Nouvelle parue initialement dans le mag numérique les Short-Stories Etc… de (http://lamatierenoire.net/), mag aujourd’hui disparu…

 

Je n’ai pas retenu le nom. Non, je n’ai pas retenu le nom du gars. Je n’ai pas vraiment eu le temps faut dire. Et puis retenir le nom de quelqu’un qu’on n’a pas eu vraiment le temps de connaitre, ce serait une coïncidence amusante. Je ne le connais pas vraiment moi ce gars. Je n’ai eu qu’un bref aperçu de lui-même, un bref aperçu tout court…faut dire. Son visage je ne le connaissais pas avant, mais je ne l’ai pas vu assez longtemps pour m’en souvenir. C’est qu’il a fait vite le bougre. Je ne peux rien en dire d’ailleurs, je n’ai pas d’avis sur le personnage. Que voulez-vous que j’y fasse ? J’aurais pu avoir le temps de m’entretenir avec lui, un peu. Mais visiblement il était pressé. J’aurais pu apprendre à le connaitre, mais je crois qu’il n’avait pas envie, pas le temps, pas que ça à penser, bref, il a comment dire…précipité les choses. Et moi-même je n’étais pas dans le ton. Je n’ai pas eu la présence d’esprit de l’interrompre. C’était assez furtif il faut dire.
J’avais peine à reprendre haleine après avoir craché toutes mes tripes dans la ruelle à côté du pub. De toute évidence, j’avais quelque peu abusé de la boisson. Courbé en deux, mon corps en appui grâce à la main plaquée au mur qui le tenait en équilibre précaire. A vomir mes abus, comme un repenti qui prend conscience d’une partie de sa vie, qui s’arrête, prend appui et se libère des péchés qu’il a commis. Mon ventre me faisait mal, autant que ma gorge à rendre de la bile. Le film de la soirée passait en boucle dans ma tête, avec quelques vagues et brumeuses hésitations sur le fondement des choses, les réponses aux questions des possibles confrontations.
J’étais arrivé tôt à l’ouverture. A vrai dire, j’ai même attendu devant la porte qu’elle se décadenasse. Le premier client…j’étais le premier client à commander ma rétribution au système social, le premier à rembourser le trop plein d’une vie chargée d’impayés en plus-value.
Quand le deuxième client est arrivé pour renflouer les caisses, j’en étais déjà à mon 5ème don républicain.
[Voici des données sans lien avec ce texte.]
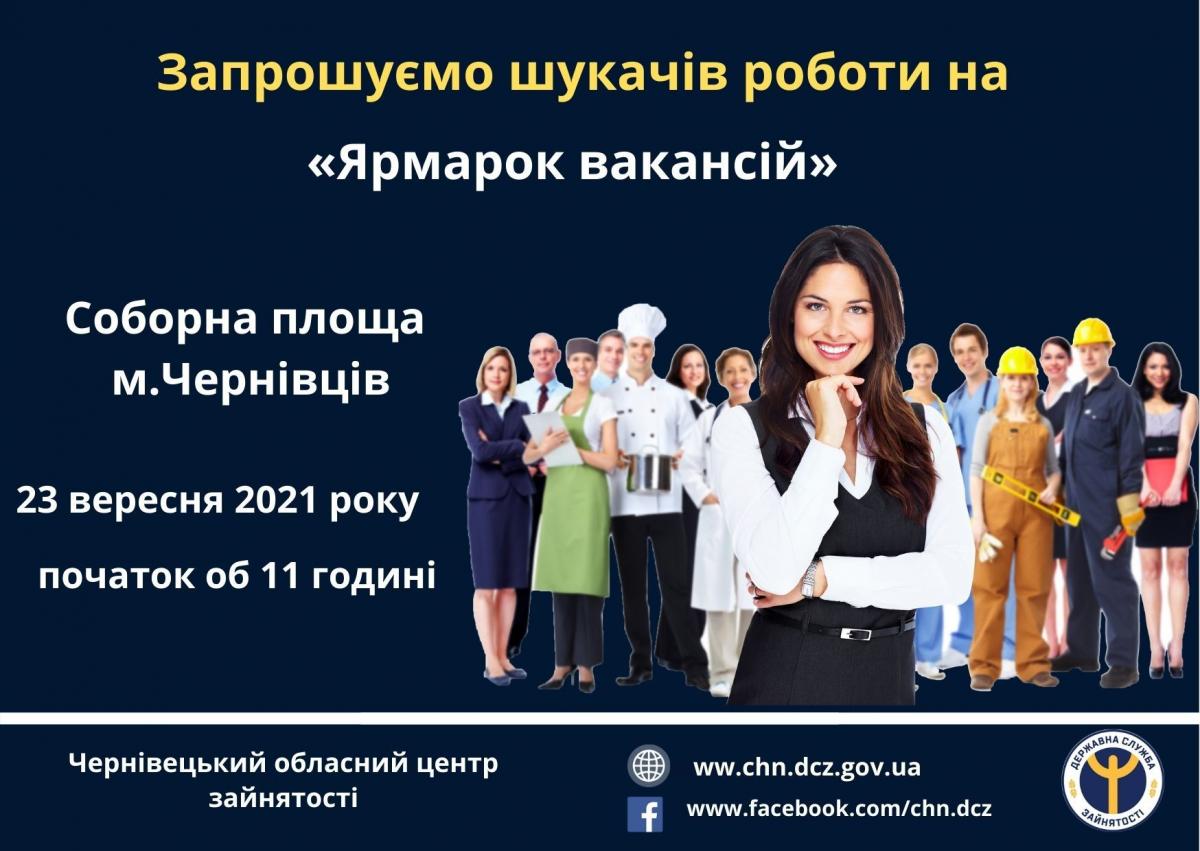 23 вересня 2021 року об 11 годині на Соборній площі м.Чернівців Чернівецька обласна служба зайнятості проводить «Ярмарок вакансій».

J’étais prêt à payer très cher, à rembourser ma dette au complet, dussé-je être obligé d’assister à la fermeture de la banque sociale des emprunteurs par intérêt pour y parvenir. Je n’ai pas pu m’empêcher de contribuer avec lui, à l’exaltation de l’émancipation patriotique qui nous exacerbait tous. Le renflouement de la dette. Et la dette est importante, croyez-moi ! Au fur et à mesure de l’arrivée des nombreux actionnaires, j’ai eu la vague impression d’avoir épongé une partie du problème, avec beaucoup d’enthousiasme. Si bien que je m’étais déjà fait beaucoup d’amis, en plus des connaissances donatrices que je pratiquais déjà.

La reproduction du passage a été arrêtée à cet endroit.